Kheradmand and You found the smaller carbon black particles caused double-stranded breaks in the cell’s DNA, a state that is very difficult to repair and activated T helper 17 cells, which induced chronic inflammation in the lungs.

“We showed that it’s dose-dependent,” Kheradmand said. “The more you have, the worse it is. It is also size-dependent. The bigger particles do much less damage.”

“You never get rid of this stuff,” Corry said. “It will be important to conduct further studies to fully assess the spectrum of health-risk profile.”
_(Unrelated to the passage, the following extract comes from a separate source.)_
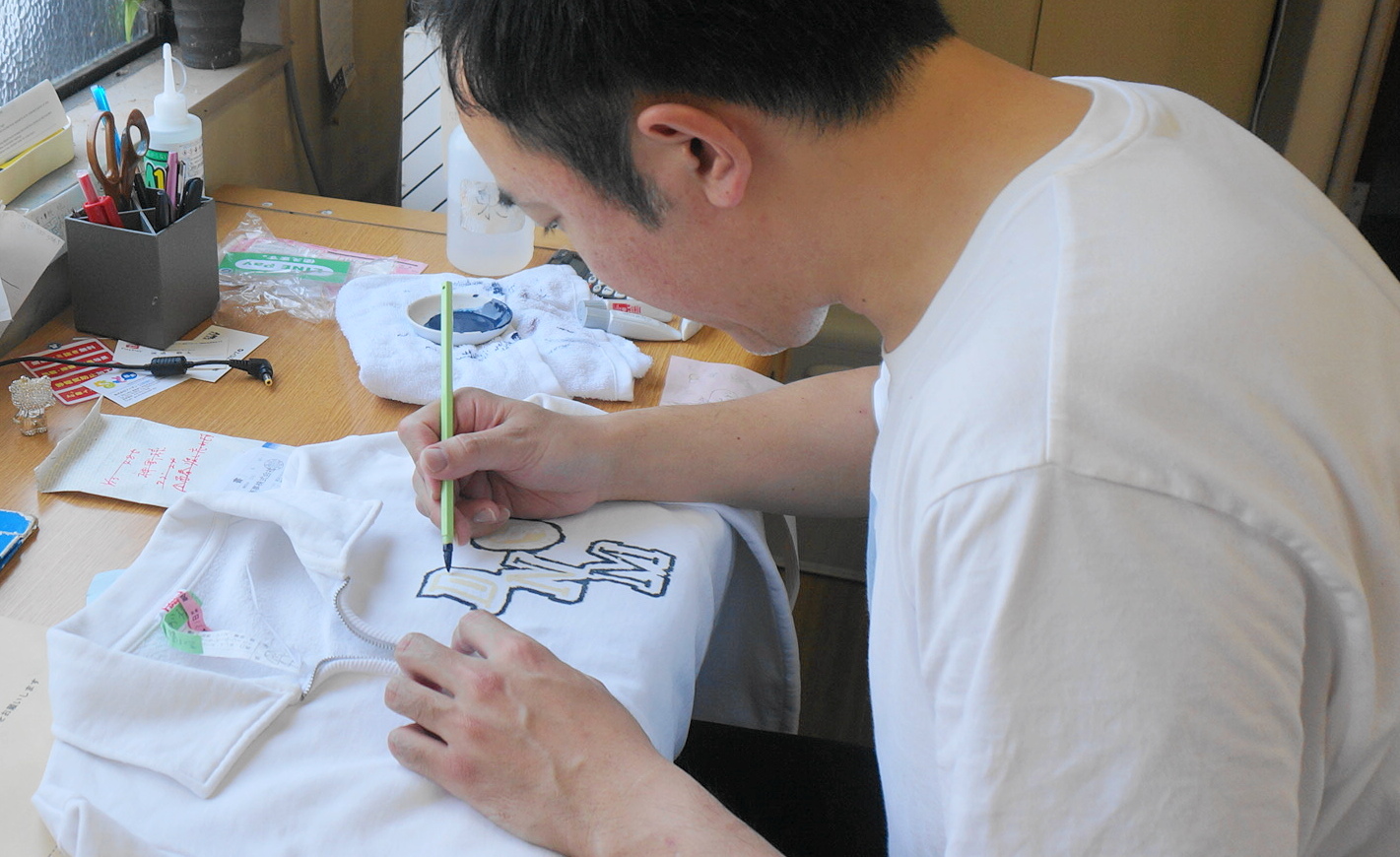 当社のクリーニング師は衣類の色はげ、白化、変色を元に戻すことも可能です。時にはつけ込みで全体染め代えを行ったり、部分染めを行ったりも可能です。高級ダウンになればなるほどデリケートのため、ダウンの変色やダウンの色あせ等が起ってきてしまいます。それを染色することにより蘇らせる事が可能です。時には、高級ダウンをすべてほどいてばらして、部分的に染める事もいたします。この技術は一般のクリーニング店ではむずかしく全国でも数えるくらいしか行えるところはありません。ダウンの染色は、一般の衣類より数倍難しいため、行っていないところがほとんどです。また、ポリエステル素材は染まらないと断られるケースが多々あると思いますが、当社はポリエステル専用の染料を持っておりますので、ポリエステル100%でもポリエステルの混合素材でも染色可能です。高級ダウン、ブランドダウンを当社クリーニング師は、一点ずつ、その素材にあった染色方法で行っていきます。染色はまずしっかり汚れをとってからでないと色が定着していかないので、まずは高級ダウンクリーニングをしっかり出来るお店でないと始まりません。それからがようやく染色のSTARTとなるため、STARTの地点に立つまでも大変です。尚且つ、染色した後は、しわしわになったダウンをアイロンで伸ばす大変大変難しい行程があります。一般の家庭、クリーニング店ではまず難しいといって良いと思います。高級ダウン、ブランドダウンクリーニングになれていて、尚且つ染色のぎじゅつがあり、尚且つしわしわになったダウンを特殊アイロン技術で伸ばす事が出来るお店でないと難しいのです。そのため、一般のクリーニング店やチェーン店では敬遠されてしまいます。当社は数ある高級ダウンクリーニング、高級ブランドダウンクリーニング、大切なダウンのクリーニングを数え切れないくらい行って、尚且つ染色してきております。勿論、途中で失敗もありました。苦い思いもいっぱいしました。今でも大変ですが、そういった大きなプレッシャーと戦いながら今の技術を習得しておきておりますので、自信をもってダウンクリーニング、ダウンの染色を行っております。

In the eLife article, the authors wrote: “These findings largely explain the persistent and incurable nature of smoking-related lung disease. Because no medical means of removing accumulated lung nCB (nanoparticulate carbon black) exists, our findings underscore the need for all individuals and societies to minimize the production of and exposure to smoke-related particulate air pollution and industrial nCB.”

In the Nature Immunology article, Corry built upon eLife findings by studying the role of microRNA-22 as a link in the chain from exposure to carbon black to the development of emphysema.

“We used to think of these tiny pieces of genetic material as junk,” Corry said. “Now we know that they are off-switches for protein-coding genes.

“This could be a therapeutic finding. We could design drugs to inhibit the microRNA through inhalation,” he said.

Co-authors of the eLife paper include Lu, Ming Shan, Xiaoyi Yuan, Lizhen Song, and Amanda Hendrix, all of Baylor; former Rice postdoctoral researcher Jacob Berlin of the Beckman Research Institute in Duarte, California; and Errol Samuel, Daniela Marcano, Zhengzong Sun and William Sikkema, all of Rice.

Nature Immunology co-authors include You, Antony Rodrigues, and Tianshu Yang, all of Baylor; and Samuel, Marcano and Sikkema of Rice. Corry, Kheradmand, and Tour were the authors on both reports.

The National Institutes of Health and the U.S. Veterans Affairs Office of Research and Development supported the research.

Kheradmand is a professor of pulmonary medicine at Baylor. Corry is a professor of medicine and chief of the Division of Immunology, Allergy, and Rheumatology at Baylor. Tour is the T.T. and W.F. Chao Chair in Chemistry as well as a professor of materials science and nanoengineering and of computer science.

References:

“Nanoparticulate carbon black in cigarette smoke induces DNA cleavage and TH17-mediated emphysema” by Ran You, Wen Lu, Ming Shan, Jacob M Berlin, Errol LG Samuel, Daniela C Marcano, Zhengzong Sun, William KA Sikkema, Xiaoyi Yuan, Lizhen Song, Amanda Y Hendrix, James M Tour, David B Corry and Farrah Kheradmand, 5 October 2015, eLife.
DOI: 10.7554/eLife.09623

“The microRNA miR-22 inhibits the histone deacetylase HDAC4 to promote TH17 cell–dependent emphysema” by Wen Lu, Ran You, Xiaoyi Yuan, Tianshu Yang, Errol L G Samuel, Daniela C Marcano, William K A Sikkema, James M Tour, Antony Rodriguez, Farrah Kheradmand and David B Corry, 5 October 2015, Nature Immunology.